WHAT THE EXERCISE ASKS → A faithful copy of every entry, with the pictures removed, is what is needed here.

[[ DATA EXCERPTS, beginning ]]

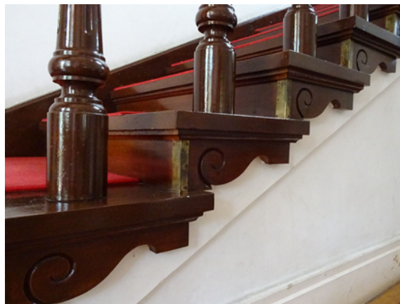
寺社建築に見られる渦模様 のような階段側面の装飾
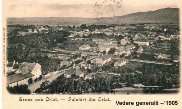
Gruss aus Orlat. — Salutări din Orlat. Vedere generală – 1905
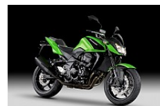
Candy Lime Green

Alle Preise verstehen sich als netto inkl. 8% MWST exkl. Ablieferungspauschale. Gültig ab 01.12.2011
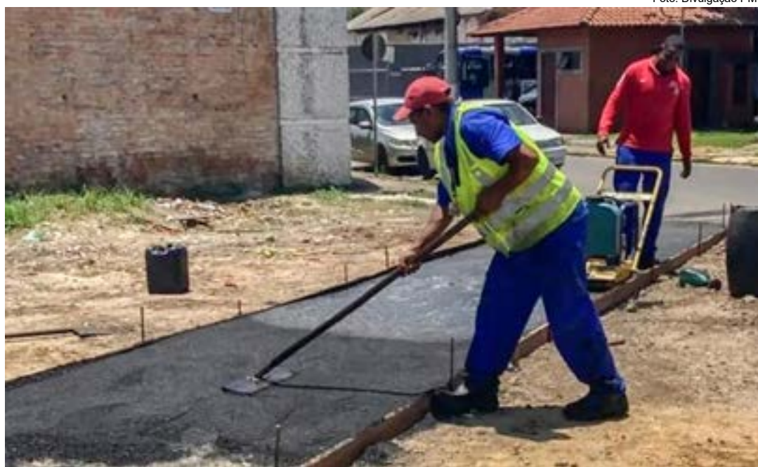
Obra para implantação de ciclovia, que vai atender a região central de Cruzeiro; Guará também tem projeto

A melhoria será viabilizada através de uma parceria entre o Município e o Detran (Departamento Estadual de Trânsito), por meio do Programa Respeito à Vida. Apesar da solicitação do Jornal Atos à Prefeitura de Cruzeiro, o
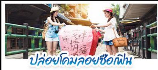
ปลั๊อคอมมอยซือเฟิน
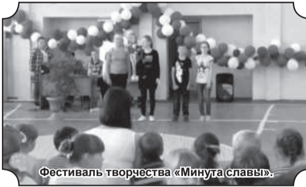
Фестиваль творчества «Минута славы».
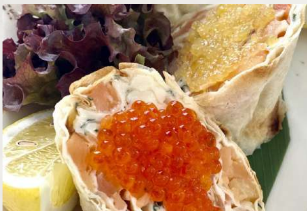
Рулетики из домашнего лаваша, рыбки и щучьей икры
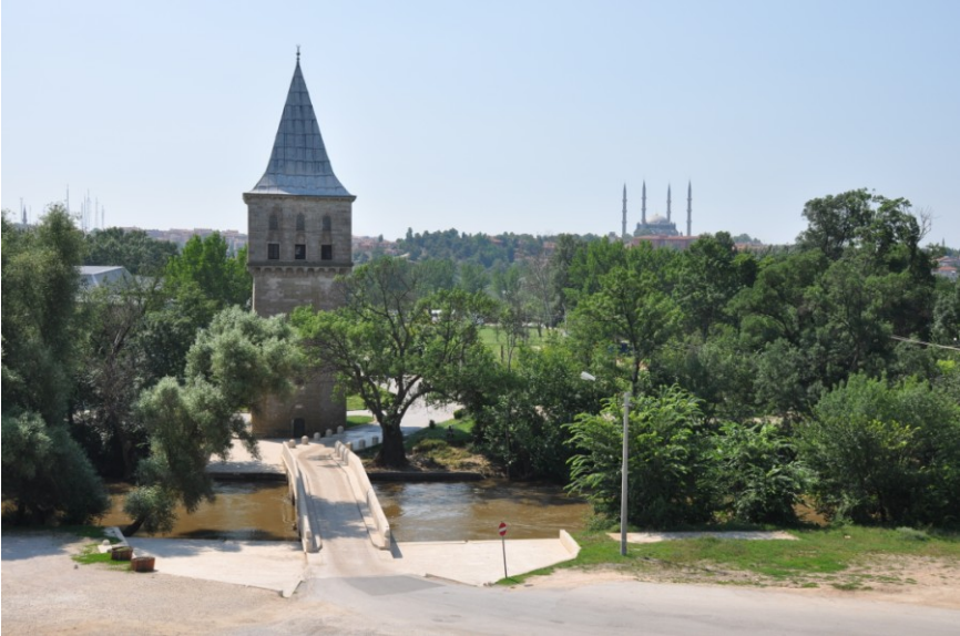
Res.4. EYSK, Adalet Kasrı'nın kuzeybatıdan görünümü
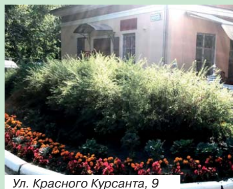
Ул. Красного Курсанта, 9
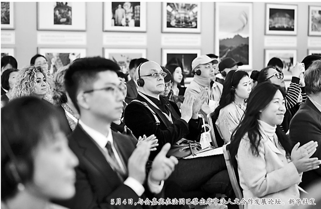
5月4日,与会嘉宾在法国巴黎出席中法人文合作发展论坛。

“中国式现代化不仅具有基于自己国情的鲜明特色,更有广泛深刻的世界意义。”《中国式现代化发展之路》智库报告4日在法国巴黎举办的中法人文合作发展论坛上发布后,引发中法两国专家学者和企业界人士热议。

[[ DATA EXCERPTS, end ]]

THE ANSWER →
寺社建築に見られる渦模様 のような階段側面の装飾
Gruss aus Orlat. — Salutări din Orlat. Vedere generală – 1905
Candy Lime Green

Alle Preise verstehen sich als netto inkl. 8% MWST exkl. Ablieferungspauschale. Gültig ab 01.12.2011
Obra para implantação de ciclovia, que vai atender a região central de Cruzeiro; Guará também tem projeto

A melhoria será viabilizada através de uma parceria entre o Município e o Detran (Departamento Estadual de Trânsito), por meio do Programa Respeito à Vida. Apesar da solicitação do Jornal Atos à Prefeitura de Cruzeiro, o
ปลั๊อคอมมอยซือเฟิน
Фестиваль творчества «Минута славы».
Рулетики из домашнего лаваша, рыбки и щучьей икры
Res.4. EYSK, Adalet Kasrı'nın kuzeybatıdan görünümü
Ул. Красного Курсанта, 9
5月4日,与会嘉宾在法国巴黎出席中法人文合作发展论坛。

“中国式现代化不仅具有基于自己国情的鲜明特色,更有广泛深刻的世界意义。”《中国式现代化发展之路》智库报告4日在法国巴黎举办的中法人文合作发展论坛上发布后,引发中法两国专家学者和企业界人士热议。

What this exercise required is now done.